There were a couple moments when we paused to listen for signs of wild animals, but we gradually picked up pace as we got more comfortable and the haunting scenarios slipped away.
Much of the trail was densely wooded. The typical route is to take the trail roads about two miles up the 5.5-mile trail, but due to some ingenious navigation techniques, we were soon climbing a strenuous path to the fork that divides the route to Mount Sentinel and the path toward Hellgate Canyon.
Once we began to emerge form the trees and caught glimpses of a view, I spotted white-capped Squaw Peak, on the western horizon and it encouraged me to push onward. The last mile was the most demanding and strenuous, the steep incline left my thighs burning, but it was a satisfactory burn—a reminder of conquest and accomplishment.
Regardless of the gray, overcast skies, the last steps to the top of Sentinel were humbling and awe-inspiring. Hiking up to the “M,” is a quintessential Missoula pastime for those that are just discovering the area’s beauty as well as those of us that have been here from our beginnings. However, for many, the “M” is their final destination, less than halfway up Mount Sentinel. The view from the top is far mor fulfilling and impressive.

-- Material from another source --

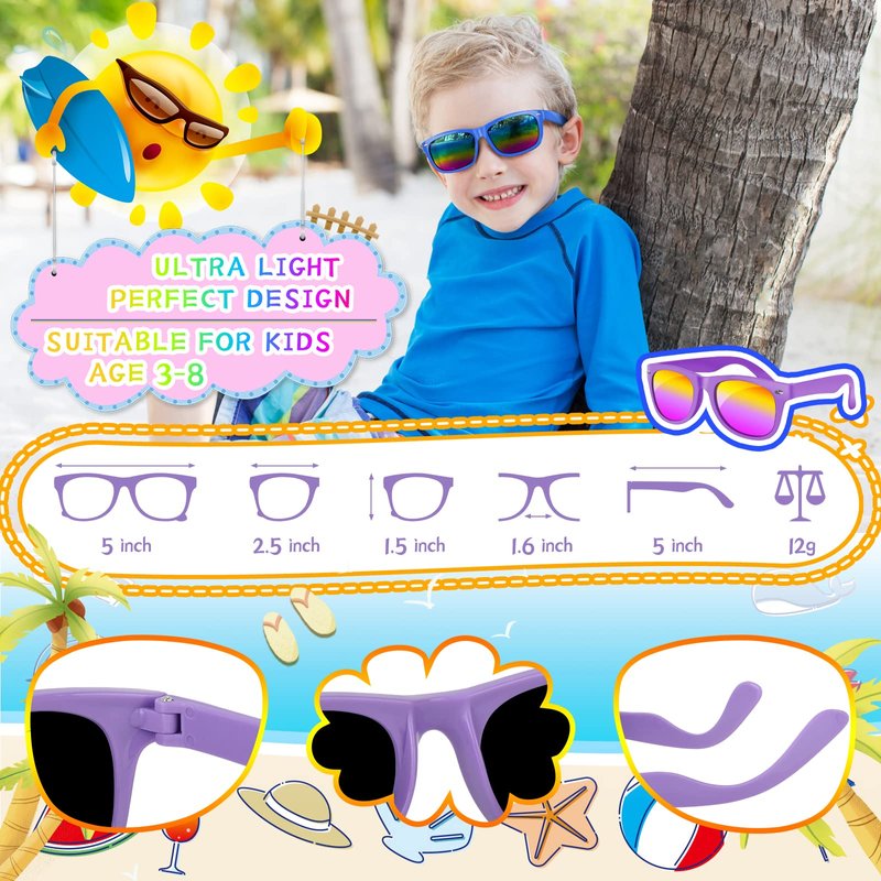 - HIGH QUALITY AND SAFETY: The kids party sunglasses are made of comfortable and sturdy polypropylene material, durable and light in weight. Our kids summer sunglasses with high-quality lenses, ensuring that children feel comfortable wearing them without any pressure or discomfort.Will bring a great experience for kids in party activities

To the North, Mount Jumbo rises just across Hellgate Canyon, and the Rattlesnake National Recreation Area and Wilderness stretch out below. To the South, Lolo Peak and the Bitterroot Mountains rise in all of their majestic glory. This day, the peaks were still liberally dusted with snow. The city of Missoula spread out below us to the West, and from such a remarkable view of the valley, I couldn’t help but reflect that Missoula may just be the gem that earned Montana the treasure state nickname.